Shish Kebab Tips
by Hope Pryor
Cooking with a skewer, known as shish kebab, kabob, shashlik, even French dishes designated en brochette, is one of the oldest dishes known to mankind, tracing its roots back to earliest times when man impaled pieces of meat on a stick to cook over an open fire.
No matter how you spell it or what you call it, cooking food on a "stick" is fun and tastes great!
Asia and the Near East are considered the birthplaces of the kebab. With its origins deeply rooted into a multitude of nationalities, it's no wonder that the dish has so many spelling variations. The invention of the kebab was a boon to nomadic people, whose metal spears and swords also doubled as cooking equipment.
A kebab can be any combination of cubed meat, seafood, vegetables, or fruits arranged on skewers, marinated or brushed with a sauce, and then broiled or grilled.

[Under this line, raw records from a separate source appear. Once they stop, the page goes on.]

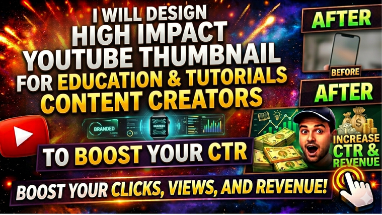 I design high-impact YouTube thumbnails for Education & Tutorials creators. From online courses, how-to videos, coding, academics, to skill-based training, I create clear, engaging visuals tailored to your audience.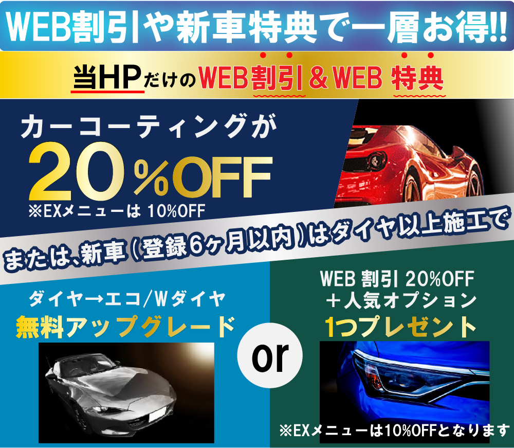 特徴 | 高密度ガラス被膜と、汚れの密着を防ぐ独特な防塵能力を持つECOプラスレジン被膜の二重構造。 EX同様に、雨での汚れの落ち方(自浄効果)がとても強く、ほとんど洗車をしないでもキレイなまま乗れます。 ※雨自体が黄砂等を含んで汚れている場合は洗車をして頂ければ、キレイになります。 |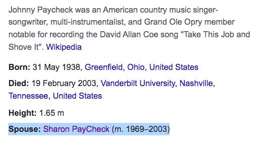Sidenote: I really enjoyed seeing who Johnny Paycheck was married to …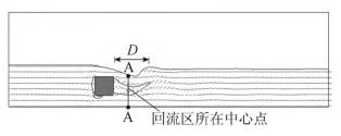 來自上游的水體經浮體結構的阻擋作用,水流繞流經浮體結構的上部和下部區(qū)域通過,并在浮體結構背水面的下游區(qū)域形成小范圍回流區(qū),此處水流紊亂,流速分布不均勻。試驗過程中,對回流區(qū)沿水流方向的長度D(水槽縱向中心斷面處,自浮體結構背水面到沿水流方向流速為0的*遠位置點)進行量測。選取浮體結構下游區(qū)域回流區(qū)中心點所在斷面進行流速測量對比。流速測量斷面位置A-A見圖3。
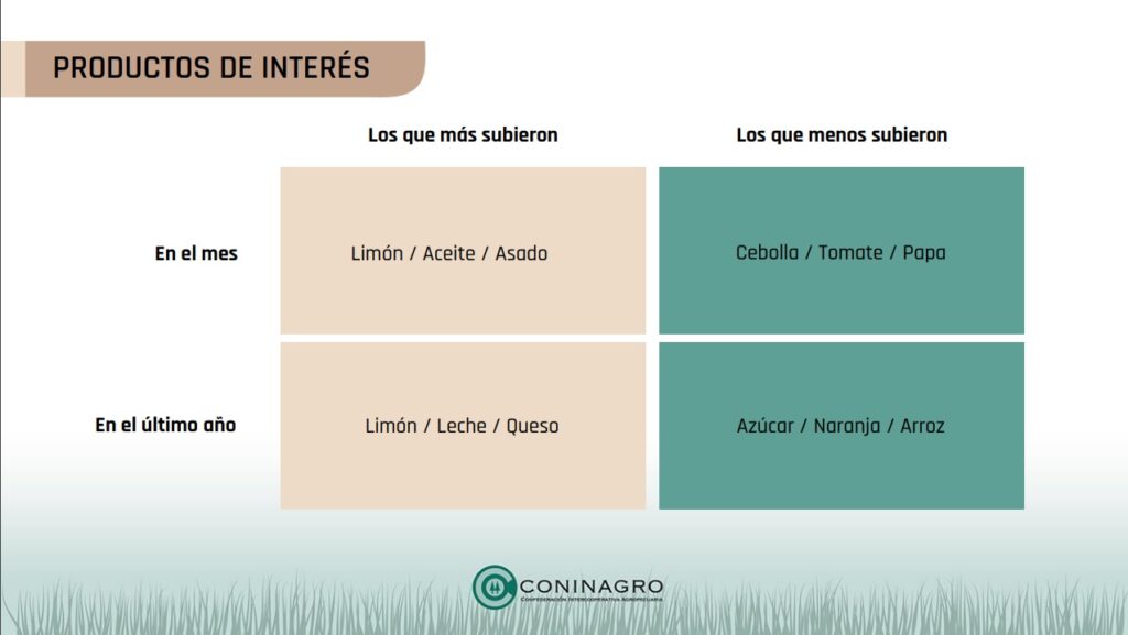 Entre los productos más afectados durante diciembre destacaron el limón, el aceite y el asado como los mayores incrementos. Por otro lado, productos como la cebolla, el tomate y la papa registraron menores variaciones. Al observar el panorama anual, el limón, la leche y el queso encabezaron las mayores subas, mientras que el azúcar, la naranja y el arroz fueron los más moderados en su crecimiento.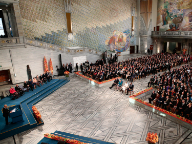 In a musical start to the ceremony, soprano Lise Davidsen sang Edvard Grieg’s Ved Rondane with accompaniment of Håvard Gimse on the piano. After the performance, Kaci Kullman Five, Chair of the Norwegian Nobel Committee, welcomed the guests and recapitulated the committee’s decision.

The skewer can be as simple as a green wooden stick of a camper or as elaborate as the silver-handled skewer of the gourmet. More commonly used are simple skewers made of stainless steel or packaged wooden skewers available in assorted lengths.
When using wooden skewers, always soak in water for 30 minutes before using to prevent them from burning on the grill or in the broiler.
Skewers with flat sides (rather than round) hold ingredients more securely.
Dip a paper towel in vegetable oil and rub over metal skewers before threading the food for easy removal once cooked.
Be sure to cut kebab ingredients into same-sized pieces for even cooking.
Partially cook foods that take longer to cook, such as potatoes and onions, so that the kebab's ingredients cook more evenly.
If cherry tomatoes are used, add them near the end of the cooking time, this will ensure that they remain whole...and not fall off through the rack and into the coals!
When turning skewers for cooking, use oven mitts and/or long-handled tongs to turn hot skewers.